* WHAT IS NEEDED:
Your answer must consist solely of the lines from the one containing "West of 5 - Single" through the last line of the records below, reproduced exactly, with all pictures omitted.

Stored data entries
============================================================

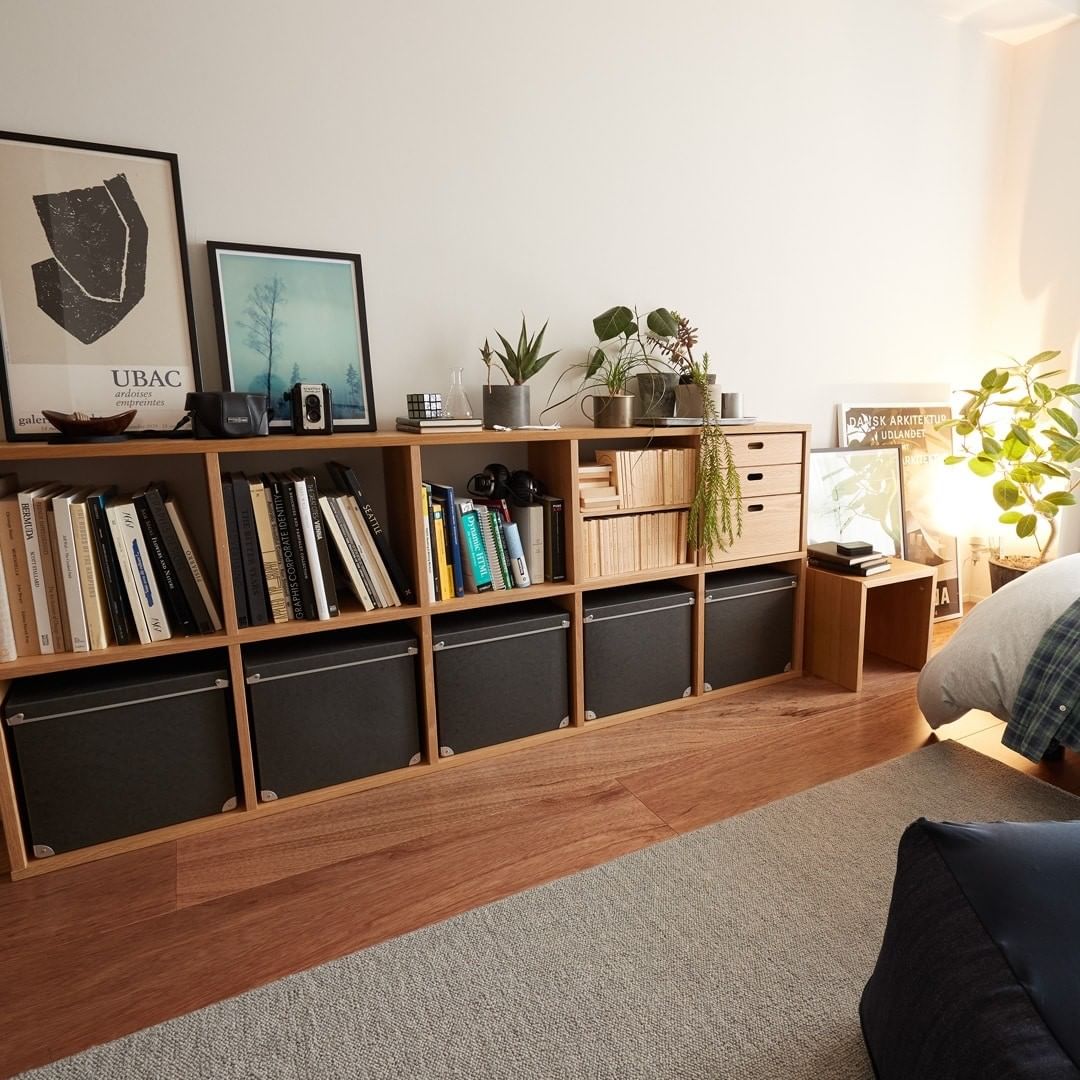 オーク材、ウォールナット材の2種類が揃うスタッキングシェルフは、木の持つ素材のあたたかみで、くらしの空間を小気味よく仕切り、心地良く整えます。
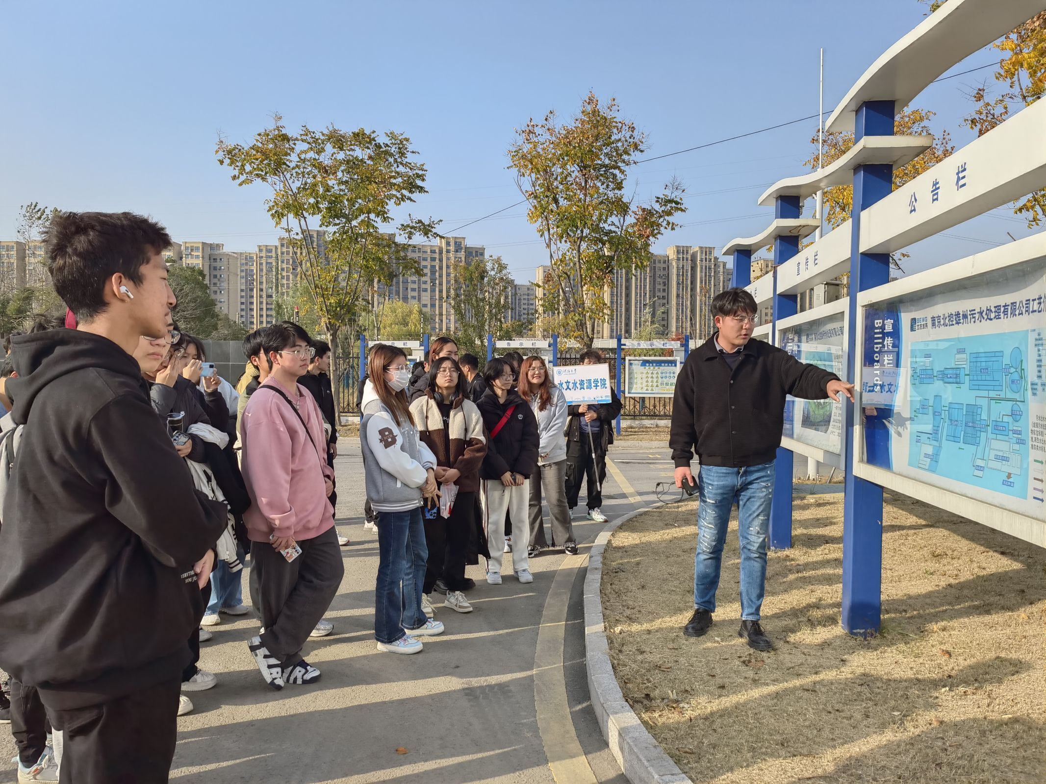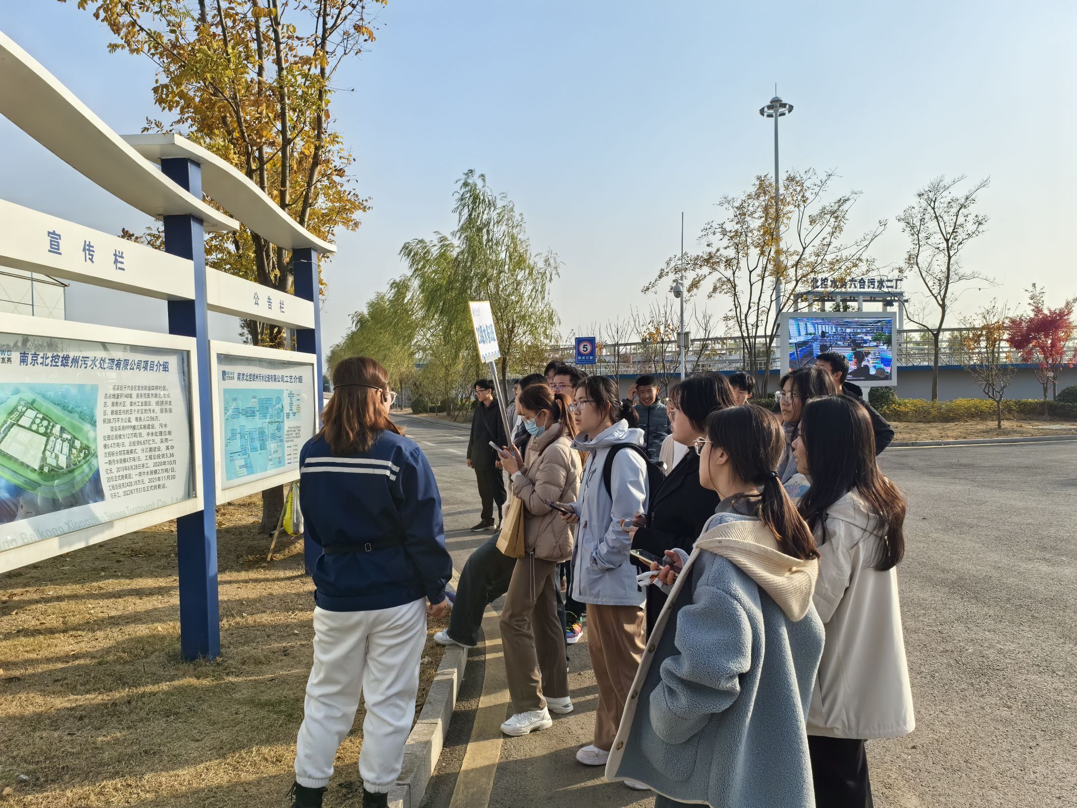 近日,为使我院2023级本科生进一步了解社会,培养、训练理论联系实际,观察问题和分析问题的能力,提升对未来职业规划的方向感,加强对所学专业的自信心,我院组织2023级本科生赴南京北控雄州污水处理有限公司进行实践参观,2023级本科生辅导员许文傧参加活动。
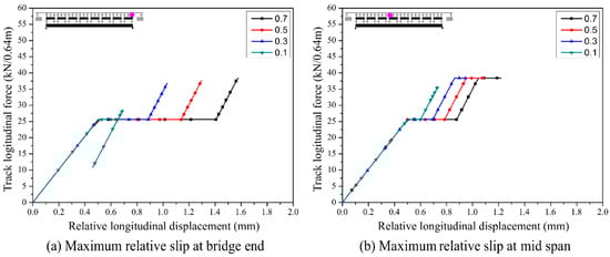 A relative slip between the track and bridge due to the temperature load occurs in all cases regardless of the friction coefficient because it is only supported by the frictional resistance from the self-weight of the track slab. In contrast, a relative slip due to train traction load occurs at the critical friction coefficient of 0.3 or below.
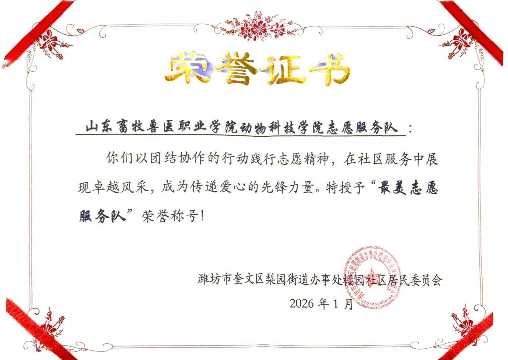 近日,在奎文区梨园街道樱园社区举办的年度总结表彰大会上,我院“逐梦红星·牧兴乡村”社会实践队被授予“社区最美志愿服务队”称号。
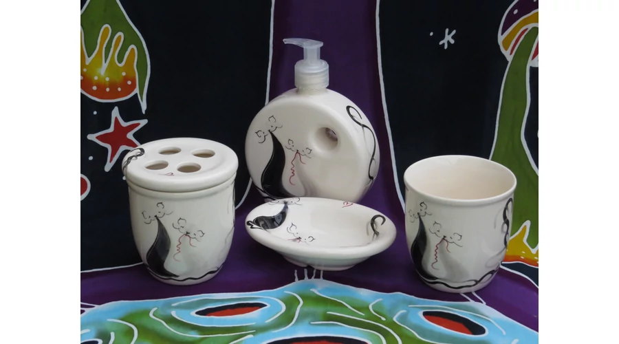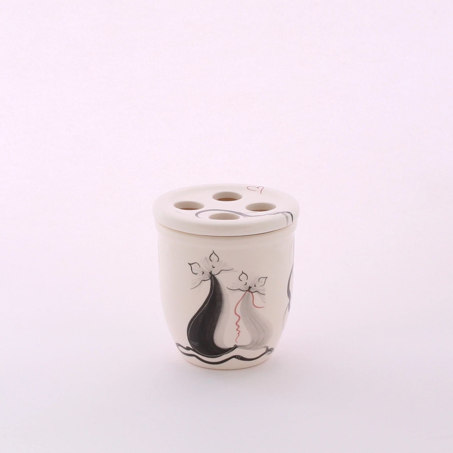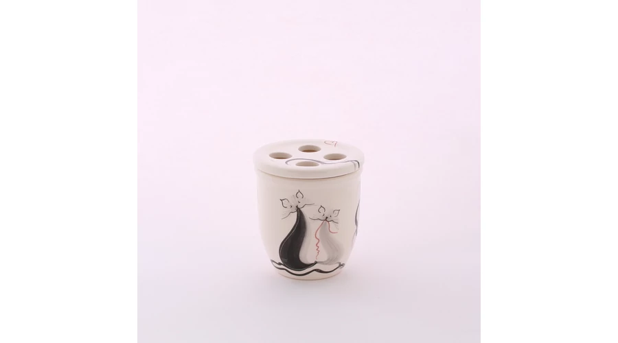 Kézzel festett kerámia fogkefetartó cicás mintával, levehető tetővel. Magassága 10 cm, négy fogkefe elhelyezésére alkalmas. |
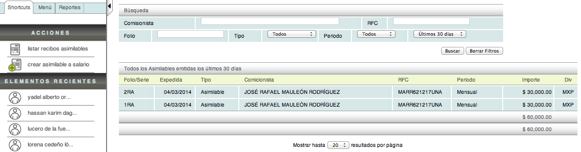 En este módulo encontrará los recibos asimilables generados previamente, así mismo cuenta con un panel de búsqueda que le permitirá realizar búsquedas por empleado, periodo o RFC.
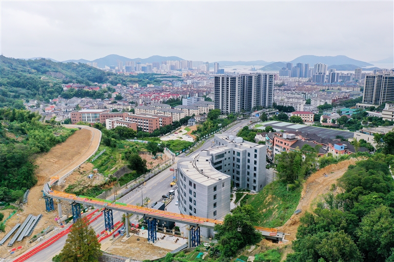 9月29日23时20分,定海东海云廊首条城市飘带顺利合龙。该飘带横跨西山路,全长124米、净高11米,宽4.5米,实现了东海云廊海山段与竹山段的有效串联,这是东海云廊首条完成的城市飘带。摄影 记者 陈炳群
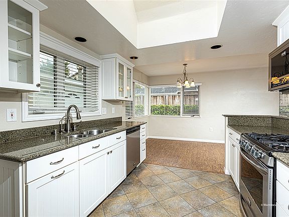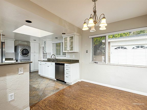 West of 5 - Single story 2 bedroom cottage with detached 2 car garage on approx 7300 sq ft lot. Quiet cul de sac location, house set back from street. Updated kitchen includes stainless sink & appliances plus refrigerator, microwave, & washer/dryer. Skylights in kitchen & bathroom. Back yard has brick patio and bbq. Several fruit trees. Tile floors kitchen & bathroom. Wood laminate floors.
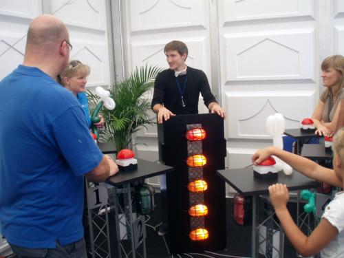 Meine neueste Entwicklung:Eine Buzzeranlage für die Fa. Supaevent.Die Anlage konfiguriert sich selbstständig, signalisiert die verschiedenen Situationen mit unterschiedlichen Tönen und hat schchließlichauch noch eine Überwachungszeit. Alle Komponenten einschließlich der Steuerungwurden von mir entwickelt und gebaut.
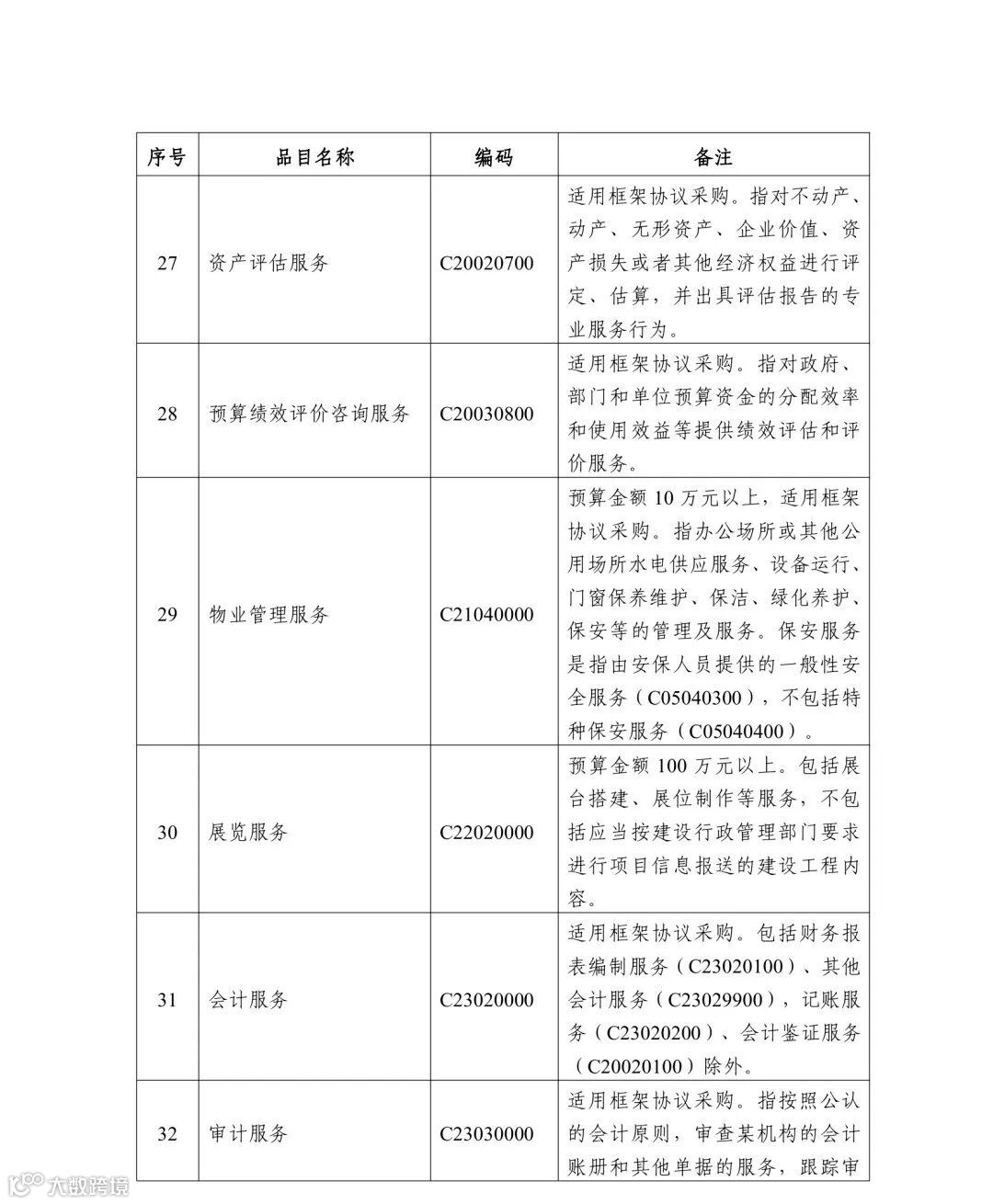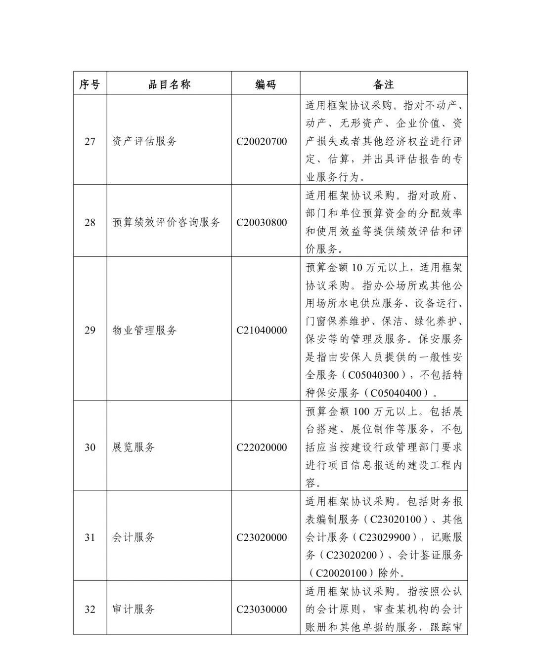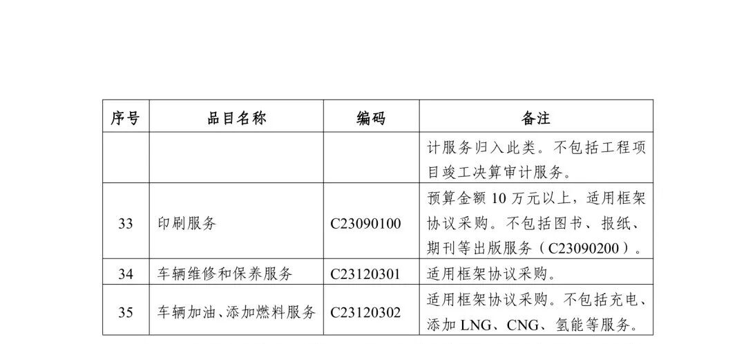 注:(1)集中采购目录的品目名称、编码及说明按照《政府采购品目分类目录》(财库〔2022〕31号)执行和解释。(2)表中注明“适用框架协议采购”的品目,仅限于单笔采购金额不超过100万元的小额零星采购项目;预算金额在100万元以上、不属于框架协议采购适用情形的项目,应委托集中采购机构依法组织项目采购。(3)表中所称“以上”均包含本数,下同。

============================================================

* YOUR SOLUTION:
 West of 5 - Single story 2 bedroom cottage with detached 2 car garage on approx 7300 sq ft lot. Quiet cul de sac location, house set back from street. Updated kitchen includes stainless sink & appliances plus refrigerator, microwave, & washer/dryer. Skylights in kitchen & bathroom. Back yard has brick patio and bbq. Several fruit trees. Tile floors kitchen & bathroom. Wood laminate floors.
 Meine neueste Entwicklung:Eine Buzzeranlage für die Fa. Supaevent.Die Anlage konfiguriert sich selbstständig, signalisiert die verschiedenen Situationen mit unterschiedlichen Tönen und hat schchließlichauch noch eine Überwachungszeit. Alle Komponenten einschließlich der Steuerungwurden von mir entwickelt und gebaut.
 注:(1)集中采购目录的品目名称、编码及说明按照《政府采购品目分类目录》(财库〔2022〕31号)执行和解释。(2)表中注明“适用框架协议采购”的品目,仅限于单笔采购金额不超过100万元的小额零星采购项目;预算金额在100万元以上、不属于框架协议采购适用情形的项目,应委托集中采购机构依法组织项目采购。(3)表中所称“以上”均包含本数,下同。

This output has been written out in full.